Note the recent underperformance. When a trade wins that big, for that long, it ends up exceptionally crowded. Reversals are thus very painful. Every nascent value rotation has turned out to be a false start. Whether 2022 is an exception remains to be seen. But this helps contextualize the Peloton debacle, as well as Facebook’s historic plunge and similarly dramatic declines for Paypal and Netflix.
“The changing macro landscape is helping internal rotations for which we were positioned,” JPMorgan’s strategists said, noting that “Cyclical Value sectors are still trading cheap relative to pre-pandemic and sometimes relative to a longer window.” Tech, the bank remarked, is still expensive and thus vulnerable to further rate rise. However (and this is interesting), analysts led by Marko Kolanovic noted that on a FY2022 basis, Facebook is now trading at a 19% discount to the S&P, at 16.3x versus 20.1x, respectively. Facebook’s forward P/E is now “lower than any broad market at any point since 2014, excluding-March 2020,” apparently.
But investors are likely to exercise caution. Notwithstanding any rally predicated on corporate actions (or takeout interest), Peloton will probably never trade where it did during the pandemic assuming it stays public. Facebook, meanwhile, is staring at what some analysts have described as an existential crisis, ironic given the existential questions raised by Mark Zuckerberg’s decision to pivot from “Myspace that worked” to “Inception lite.”
In any event, these are all just off-the-cuff musings on a day when I’ve said everything that could’ve been said without straying from the site’s “mandate.”
I’ll give the last word to McElligott. “My larger view remains that US Equities next ‘move of magnitude’ will likely [be] an impulse lower first before any real attempt to test prior highs,” he said. “Particularly because [a] resumption of the rally to that extent will ease financial conditions… pressuring the Fed to increase their hawkish rhetoric and pricing.”

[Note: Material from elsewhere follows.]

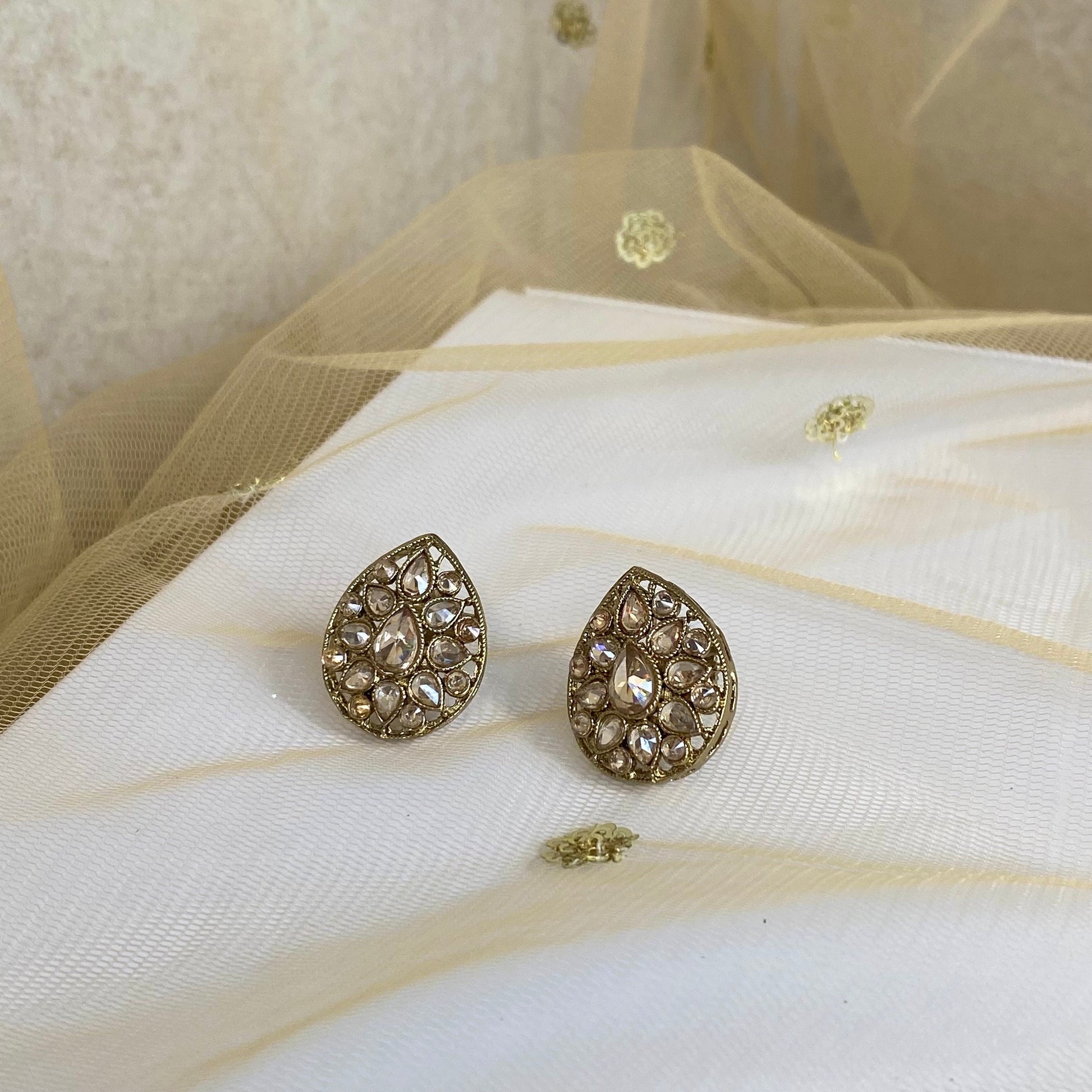 Small Stud Earrings - Champagne/ Fashion Jewellery/ Gift for Women/Indian/Pakistani style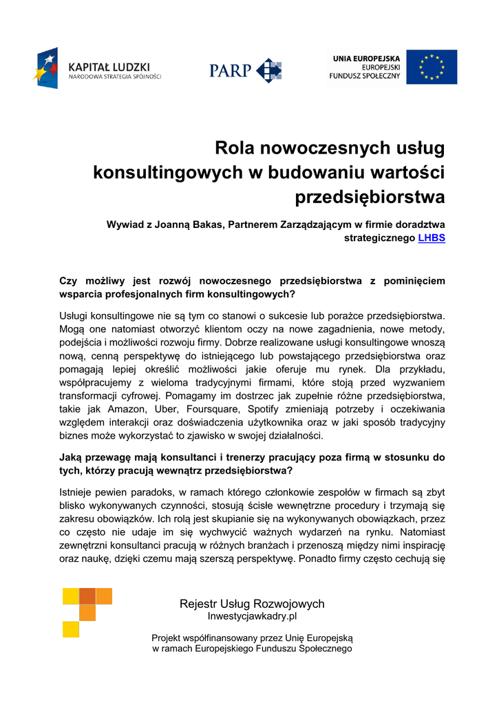 Rola nowoczesnych usług konsultingowych w budowaniu wartości przedsiębiorstwa Wywiad z Joanną Bakas, Partnerem Zarządzającym w firmie doradztwa strategicznego LHBS Czy możliwy jest rozwój nowoczesnego przedsiębiorstwa z pominięciem wsparcia profesjonalnych firm konsultingowych? Usługi konsultingowe nie są tym co stanowi o sukcesie lub porażce przedsiębiorstwa. Mogą one natomiast otworzyć klientom oczy na nowe zagadnienia, nowe metody, podejścia i możliwości rozwoju firmy. Dobrze realizowane usługi konsultingowe wnoszą nową, cenną perspektywę do istniejącego lub powstającego przedsiębiorstwa oraz pomagają lepiej określić możliwości jakie oferuje mu rynek. Dla przykładu, współpracujemy z wieloma tradycyjnymi firmami, które stoją przed wyzwaniem transformacji cyfrowej. Pomagamy im dostrzec jak zupełnie różne przedsiębiorstwa, takie jak Amazon, Uber, Foursquare, Spotify zmieniają potrzeby i oczekiwania względem interakcji oraz doświadczenia użytkownika oraz w jaki sposób tradycyjny biznes może wykorzystać to zjawisko w swojej działalności. Jaką przewagę mają konsultanci i trenerzy pracujący poza firmą w stosunku do tych, którzy pracują wewnątrz przedsiębiorstwa? Istnieje pewien paradoks, w ramach którego członkowie zespołów w firmach są zbyt blisko wykonywanych czynności, stosują ścisłe wewnętrzne procedury i trzymają się zakresu obowiązków. Ich rolą jest skupianie się na wykonywanych obowiązkach, przez co często nie udaje im się wychwycić ważnych wydarzeń na rynku. Natomiast zewnętrzni konsultanci pracują w różnych branżach i przenoszą między nimi inspirację oraz naukę, dzięki czemu mają szerszą perspektywę. Ponadto firmy często cechują się Rejestr Usług Rozwojowych Inwestycjawkadry.pl Projekt współfinansowany przez Unię Europejską w ramach Europejskiego Funduszu Społecznego tendencją do nadmiernego skupienia na aktualnych klientach, przez co zaniedbują potrzeby tych potencjalnych. Jaką najważniejszą wartość może uzyskać przedsiębiorstwo ze zewnętrznej firmy konsultingowej lub think tanku? strony Przedsiębiorstwa mają tendencję do nadmiernego skupiania się na własnej branży lub kategorii i zbyt często nie zdają sobie sprawy, że często to przełomowe innowacje w niepowiązanych branżach kształtują potrzeby i oczekiwania ich klientów. Współpracujemy z kilkoma markami samochodów. Żadna z nich nie zdawała sobie sprawy z istnienia potrzeby tak podstawowej jak możliwość zamówienia jazdy próbnej przez telefon komórkowy. W międzyczasie ich potencjalni klienci nie rozumieli dlaczego mogą zamówić transport Uber za pomocą jednego kliknięcia, ale nie są w stanie zamówić jazdy próbnej autem z sektora dóbr luksusowych w ten sam przystępny i szybki sposób. Właśnie to często dajemy naszym klientom w LHBS, otwieramy im oczy na to, jaki wpływ na potrzeby i pragnienia ich klientów mają doświadczenia w innych kategoriach. Definiujemy możliwości innowacji oraz poprawy odbioru wśród konsumentów. W jakich sytuacjach wsparcie zewnętrznych konsultantów jest absolutnie niezbędne dla firmy, a kiedy można się bez niego obejść? Przedsiębiorstwo zawsze może skorzystać na usługach konsultingowych jeśli tylko ma ekspozycję na wzrost rynkowy poza własną branżą. Natomiast nie będzie w stanie zyskać w sytuacji gdy wewnętrzna kultura oraz sposób działania nie są elastyczne i podatne na zmianę oraz integrację nowych idei. Usługi konsultingowe to również dobra platforma dla zarządu do omawiania możliwości, wyzwań i sposobów na to by im sprostać, zarówno wewnętrznie jak i zewnętrznie. Z punktu widzenia przedsiębiorcy: czy lepiej jest współpracować z jedną firmą konsultingową czy raczej różnicować podwykonawców i wybierać grupę tych, którzy są najlepsi w swojej konkretnej dziedzinie? Rejestr Usług Rozwojowych Inwestycjawkadry.pl Projekt współfinansowany przez Unię Europejską w ramach Europejskiego Funduszu Społecznego Jak już mówiłam wcześniej, firmy bardzo skupiają się na swoich kompetencjach i często nie dysponują wiedzą ekspercką poza podstawowymi kompetencjami swojej organizacji. Potrzeby w biznesie są różnią się wzajemnie pod względem innowacji, rozwoju organizacji czy kultury. Firmy konsultingowe również posiadają obszary specjalizacji, więc to czy przedsiębiorstwo będzie współpracować z jednym czy wieloma dostawcami zależy od jego potrzeb w danym momencie. Z mojego doświadczenia wynika, że firmy ciągle oscylują pomiędzy konsolidacją działalności we współpracy z ograniczoną liczbą firm konsultingowych, a poszerzaniem wachlarza usługodawców, na korzyść bardziej wyspecjalizowanych konsultantów. Nie istnieje idealne rozwiązanie, trzeba wybrać takie, które najlepiej sprawdzi się w danej sytuacji. Jak dalece konsultanci powinni ingerować w zasadniczy przedsiębiorstwa? Czy są granice, których nie powinni przekraczać? charakter To w dużej mierze zależy od działalności i zagadnień biznesowych. Kilkukrotnie współpracowaliśmy z firmami, których zasadniczą działalność niszczyły przełomowe innowacje innych graczy na rynku. W takich przypadkach, pracowaliśmy z klientami nad tym, żeby całkowicie przedefiniować podstawowy charakter przedsiębiorstwa. W innych przypadkach, firmy konsultingowe takie jak nasza współpracują z przedsiębiorstwami w dążeniu do optymalizacji ich podstawowej działalności, aby na tym polu mogły one zdobyć przewagę konkurencyjną. Joanna Bakas jest Parterem Zarządzającym w LHBS Consulting Berlin - firmie, którą założyła wraz z partnerem, Stefanem Erschwendnerem w 2010 r. LHBS specjalizuje się w innowacjach i marketingu. W szybko zmieniającym się świecie biznesu, LHBS jest zaangażowana w obserwowanie, wsłuchiwanie się i przekładanie oznak zmian na strategiczne możliwości i mocne pomysły w obszarze pro

Markets now remind me of “Chronicle of a Death Foretold”: we all know that worsening liquidity and the appropriate reckoning is coming.
I know this sounds naive but the multiples carried by the big high growth tech stocks have had little basis in reality for some time. Considering Meta in context makes me shake my head. They claim a customer list of just under 2 bil people, a quarter of the planet. To think that the company will continue to grow at its historical rate much longer is sheer folly. It’s money comes primarily from targeted advertising. How much can that revenue source keep growing in the third world? As to virtual reality, the prospects for that option across the firm’s base seems even less realistic. At some point this company and many like it in the social space will soon get slammed with the reality of slowing or, as in the case of Peloton, negative growth. Other record losses will occur as results start to miss unrealistically lofty targets. I can’t help seeing these guys as pals of Wily Coyote running off a cliff, feet in the air, going a mile a minute, trying to hit the ground that’s no longer there.
BTW, I just saw Morgan Stanley’s ad in WSJ congratulating its roughly 200 new managing directors. Seriously? Too much wasted money out there. Feed the poor and homeless instead.